We’ve also taken several camera club groups out on their quest to see the albatross. Their challenge is to capture these magnificent birds in flight which proved to be quite a task for some, especially with the initial problems to overcome such as standing on a boat, in swell and trying to hold the camera still!
Gary Melville abandoned us for a few weeks this month as Pete stepped in to take over his albatross tours. The reason for Gary’s disappearance was to attend the very important annual bird fair at Rutland Water in England. The aim of the Fair is to draw birdwatchers together to celebrate birds, to develop a commercial Fair for the birdwatching industry and to support international conservation projects. Gary has attended the Bird Fair for the last 5 years and it provides a great opportunity to promote New Zealand birding to a wider audience. Gary and Jo Thompson (our marketing manager) managed a stall in the New Zealand section and represented the NZ Birding Network. It is hoped in the coming season that these businesses will see a few new faces from the active marketing at the Bird Fair.
Well the returning of the Hutton's shearwaters is quite significant as on Saturday the 28th August, the Minister of Conservation, the Hon. Kate Wilkinson, was the guest speaker at Takahanga Marae (Kaikoura) for the celebration to mark the completion of the predator protection fence for a third colony of Hutton’s shearwater on the Kaikoura Peninsula.

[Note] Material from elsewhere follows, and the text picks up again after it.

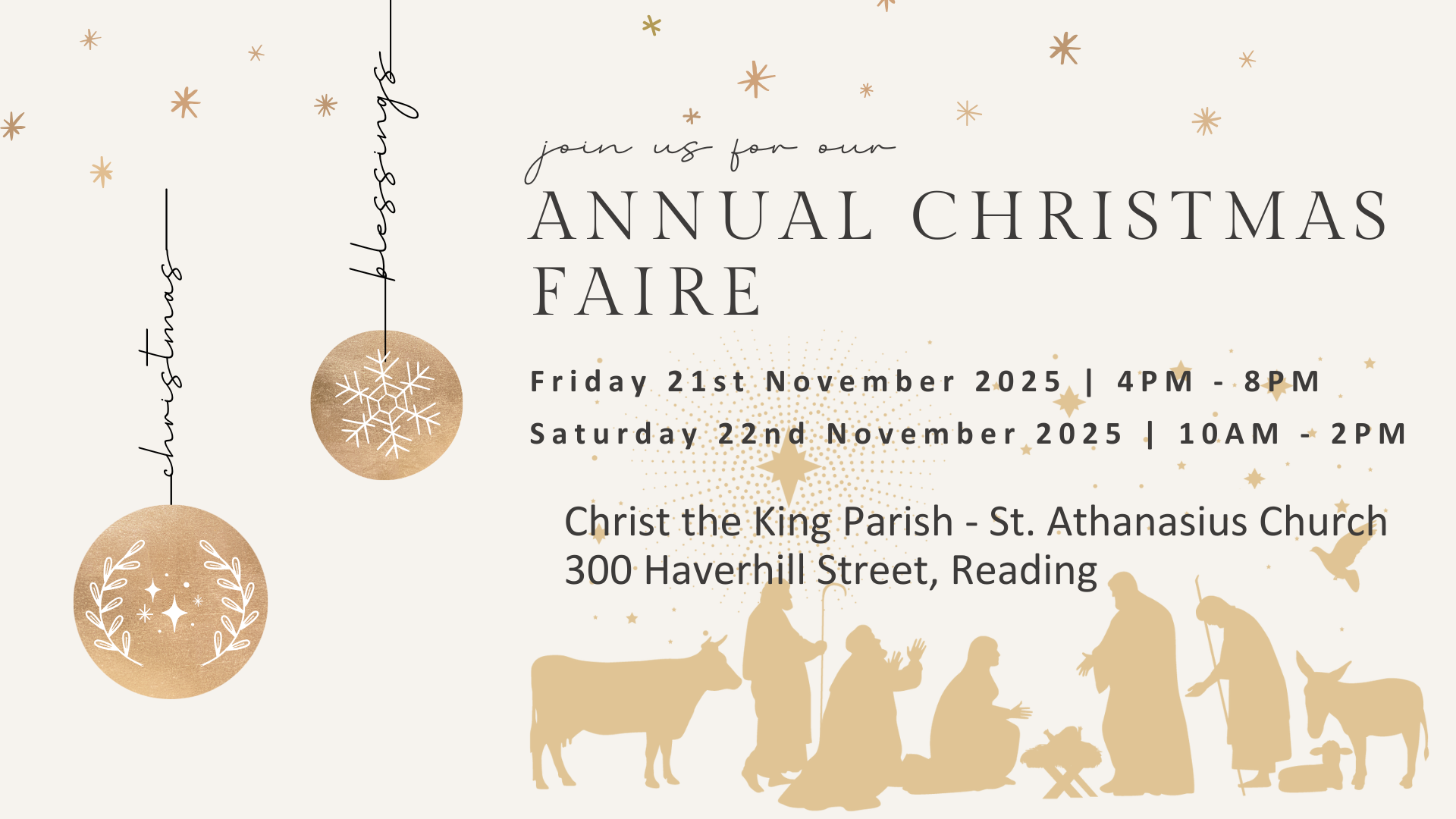 Christ The King Parish is excited to announce the return of its annual Christmas Faire, a beloved community tradition filled with holiday cheer, unique finds, and festive spirit. The event will take place on Friday, November 21, from 4:00 to 8:00 PM, and Saturday, November 22, from 10:00 AM to 2:00 PM at the Parish Center, located at 300 Haverhill Street, Reading.

Chairman of the Hutton's Shearwater Charitable Trust, Paul McGahan, said this is a milestone for Kaikoura and the future protection of this species. It celebrates the amazing community effort, support and commitment that has gone into the project.
The Trust, founded in October 2008 by Geoff Harrow of Christchurch, quickly set about raising over $200,000 within six months and by April of this year (2010) the fence was completed. Harrow, with a lifelong passion of protecting this species over 47 years, first came upon this species in the headwaters of the Kowhai River after speaking with local hunters in 1964. Hutton’s shearwater only breeds in burrows in the Seaward Kaikoura mountains at heights of between 1200-1800 metres and spend their winters feeding in offshore Australian waters.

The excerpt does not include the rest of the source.